## Data extracted from a collection
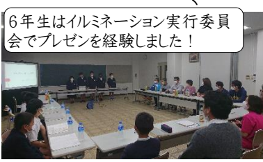
6年生はイルミネーション実行委員 会でプレゼンを経験しました！
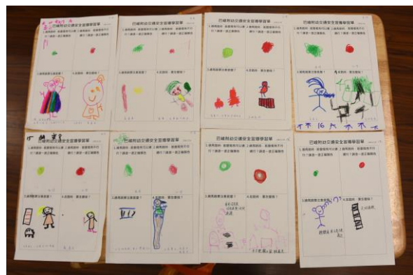
說明：幼兒園交通安全學習單
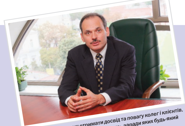
«... від роботи можеш отримати досвід та повагу колег і клієнтів. Останнє і є тими «аплодисментами», заради яких будь-який фахівець виходить на сцену своєї справи»
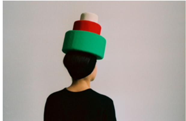
Wiebke Siem, Türmchenhut, dreifarbig, 1987, Foto: © Wiebke Siem
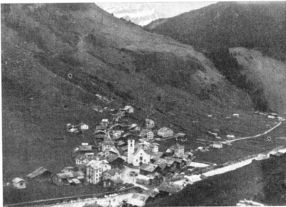
Abb. 2. Vals-Platz, rechts die Vleehalta.

es den steilen „Wallatschstutz“ hinauf zu den Hütten der Wallatschalp und von dort über den Alphügel zur „Arva“. Im Sommer wählt man von den Hütten aus den kürzeren Weg über den „Abadvatt“, eine steile Halde, die zur Schneezeit rutschgefährlich ist. Dann gelangt man am „grossa Hirt“ vorbei zur „Chella“, zum „Chellaboda“, und zuletzt geht es durch die Geröllhalden des Valserhorns in den Sattel hinauf, der 2500 m hoch liegt. Der zu überwindende Höhenunterschied zwischen Dorf und Passhöhe beträgt rund 1250 m. Man erreicht die Höhe in 4—5 Stunden. Der Aufstieg von Hinterrhein ist gleichmässig steil und viel kürzer und erfordert 2 Stunden. Der Valserberg ist gut begehbar und bei sicherem Wetter eine schöne, lohnende Wanderung. Bei anderem Wetter aber kann sie ungemütlich werden. Im Handumdrehen hat der Föhn, dieser unvertraute Geselle, ein Getümm von schwarzen Wolken über den Bernhardin heraufgestossen, und man steckt unversehens in Nebel und Unwetter.
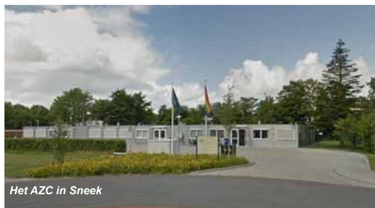
Het AZC in Sneek

In de raadsvergadering van maart hebben we besloten mee te werken aan een haalbaarheidsonderzoek, op verzoek van het COA, voor mogelijk de vestiging van een Regionale Opvanglocatie in Sneek. In 2015 is besloten mee te werken aan de vestiging van een AZC in de Noorderhoek in Sneek. In goed overleg tussen COA, buurt en gemeente is toen overeenstemming bereikt over de inrichting van het huidige centrum. Het COA en de gemeente zijn uitgegaan van een termijn van maximaal 10 jaar, met de afspraak na vijf
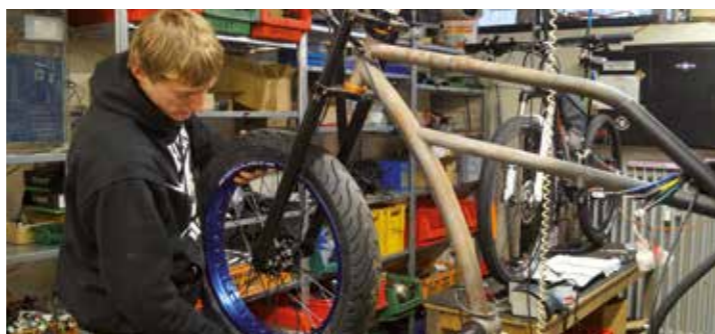
Electric Ride in Unna ist eine einzigARTige E-Bike Manufaktur.

Seit vier Jahren fertigt und „elektrisiert“ er seit dem in der Werkstatt E-Bikes und andere Gefährte mit Elektro-Antrieb
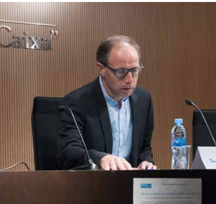
La mirada de l'ètica, plantejant dilemes que s'obren al voltant de la protecció infantil.

A mode de conclusió de la seva ponència va proposar, a tots els assistents de l'acte, dos dilemes relacionats amb la protecció i la mirada de l'ètica:
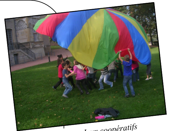
Atelier Jeux coopératifs

Toutes les coopératives scolaires et foyers coopératifs, tous les membres actifs individuels, peuvent participer à cette assemblée générale ou y être représentés par l'un ou l'autre des enseignants de l'équipe pédagogique de l'établissement. Notre règlement intérieur offre la possibilité aux membres empêchés de donner un pouvoir écrit au mandataire de leur choix.
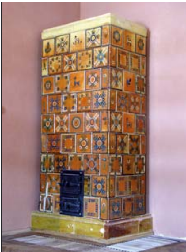
8. Dwór z Drogini, ekspozycja wewnątrz, malowany piec w gabinecie pana.

Ekspozycja muzealna ogranicza się do ukazania najważniejszych funkcji dworu jako domu mieszkalnego wielopokoleniowej rodziny i centrum zarządzania majątkiem. Zaprezentowano salon, gabinet pana, pokój pani, pokój ciotki rezydentki
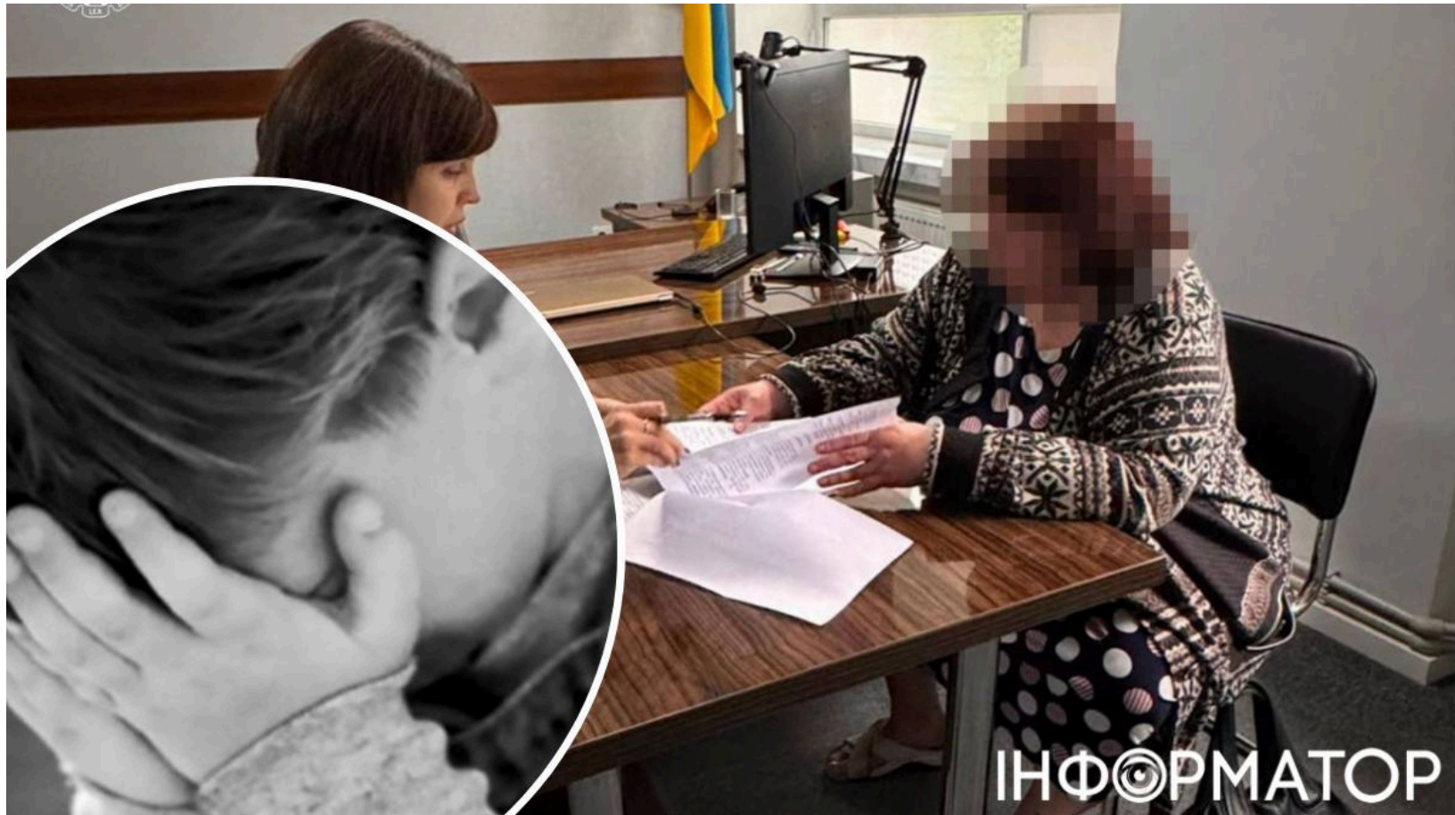
Від голоду помер хлопчик під соцсупроводом

Десятирічний хлопчик з інвалідністю помер від голоду у грудні 2025 року - попри те, що офіційно перебував під соціальним супроводом і мав захист з боку держави . Могилів-Подільська окружна прокуратура скерувала до суду обвинувальний акт щодо трьох осіб, відповідальних за нагляд над дитиною. За версією слідства, кожна з них не виконала своїх обов'язків, і це призвело до трагедії. Схожі випадки загибелі дітей через бездіяльність соціальних служб фіксують в Україні не вперше.
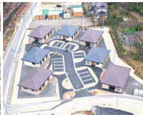
▲ 完成した村有住宅神瀬団地
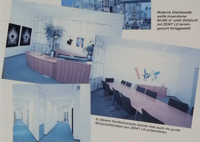
Moderne Glasfassade, weiße Innenräume. 80.000 m 2 unter Zeitdruck mit ZENIT LG termingerecht fertiggestellt.
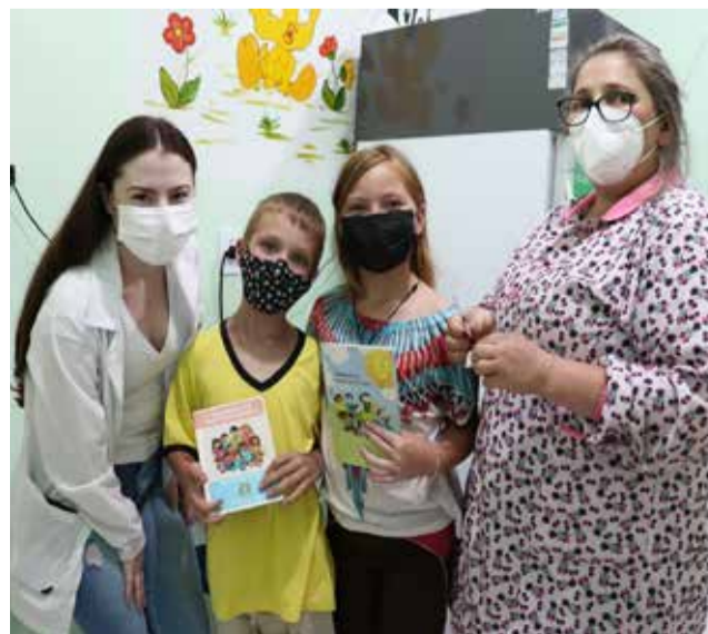
Enquanto alguns posam com orgulho da vacina, outros desafiam a ciência

Rech cita ainda que os agentes comunitários de saúde estão realizando a busca ativa do público alvo e que na quarta-feira, 16 de fevereiro, a Secretaria realizou a vacinação da primeira dose para todas as crianças de 6 a 11 anos de idade.
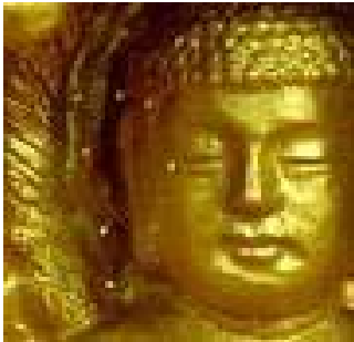
佛像上出现佛家传说中的 的优昙婆罗花

和信徒认为是“优昙婆罗花”开了。而按照佛经的记录，2005 年正是佛家的 3032 年。 今年以来，“优昙婆罗花”更在韩国、台湾、香港、中国大陆、新加坡等多处盛开。这似乎预示着，我们离一个特殊时期越来越近了。 在“优昙婆罗花”开的这个特殊历史时期，玛雅人的古老传说也奇迹般的得以兑现，十三块水晶头骨失而复聚。大祭司阿莱坚德罗称：水晶头骨复聚，是神回来的时候！释迦牟尼曾经预言：在二千五百年后，转轮圣王将下世正法，并要洪传一种不绝世缘的修炼法门。 几乎地球上的所有民族都流传着“神要回来”的古老传说。人类历史其实就是等待、盼望神之归来的历史。那么，神真的要回来吗？他是谁？他回来干什么？ 只要我们注意到：优昙婆罗花正在当世开放的事实，那么我们会惊讶地发现：只差撩开薄薄的一层面纱，世人生生世世期盼着的那个归来者其实已经呼之欲出。
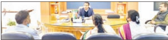
बैठक करते उपायुक्त व अन्य।

विलम्ब से होने की वजह से बुआई नहीं कर पाये कटेपरी ए के किसानों द्वारा मुख्यमंत्री सुखाड़ राहत योजना के लाभ हेतु दिये गए आवेदनों पर विचार विमर्श किया गया। अंचल एवं अनुमंडल स्तरीय पदाधिकारियों के द्वारा आवेदनों के
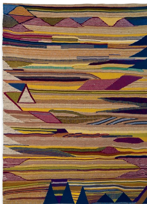
Granada oro, 2002
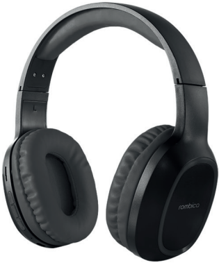
mysound BH-22 Black BH-N027
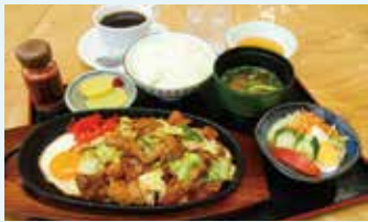
▲名物の「奥美濃ケイちゃん定食」
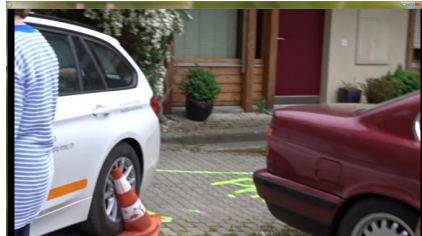
Er hat aber keine Anstalten zum Halten zwecks Informierung gemacht.
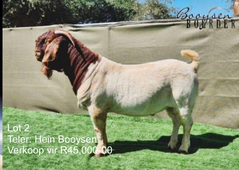
Lot 2 Teler: Hein Booysen Verkoop vir R45,000-00
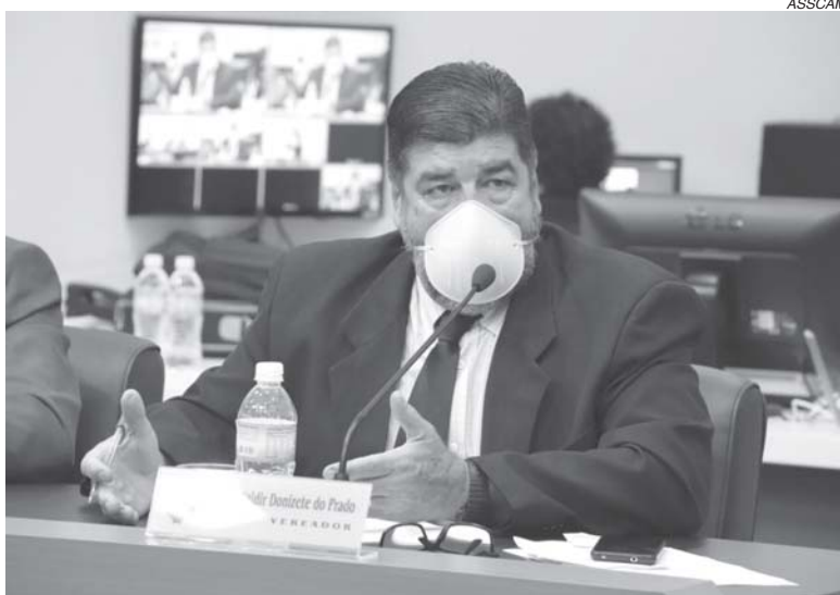
Vereador destacou probabilidade de atendimentos que antes eram presenciais passarem a ser somente online

"Concentramos também nossos esforços para captar novos empregados a este novo momento de forma a oferecer um atendimento mais ágil, eficiente e assertivo. Em tempo, a Copasa reitera que o protocolo de retorno dos empregados criado pelo comitê multidisciplinar do combate ao Covid prevê a retomada de

## Work to complete
Each line above that contains the word "ètica" should be returned.

## Finished exercise
La mirada de l'ètica, plantejant dilemes que s'obren al voltant de la protecció infantil.
A mode de conclusió de la seva ponència va proposar, a tots els assistents de l'acte, dos dilemes relacionats amb la protecció i la mirada de l'ètica:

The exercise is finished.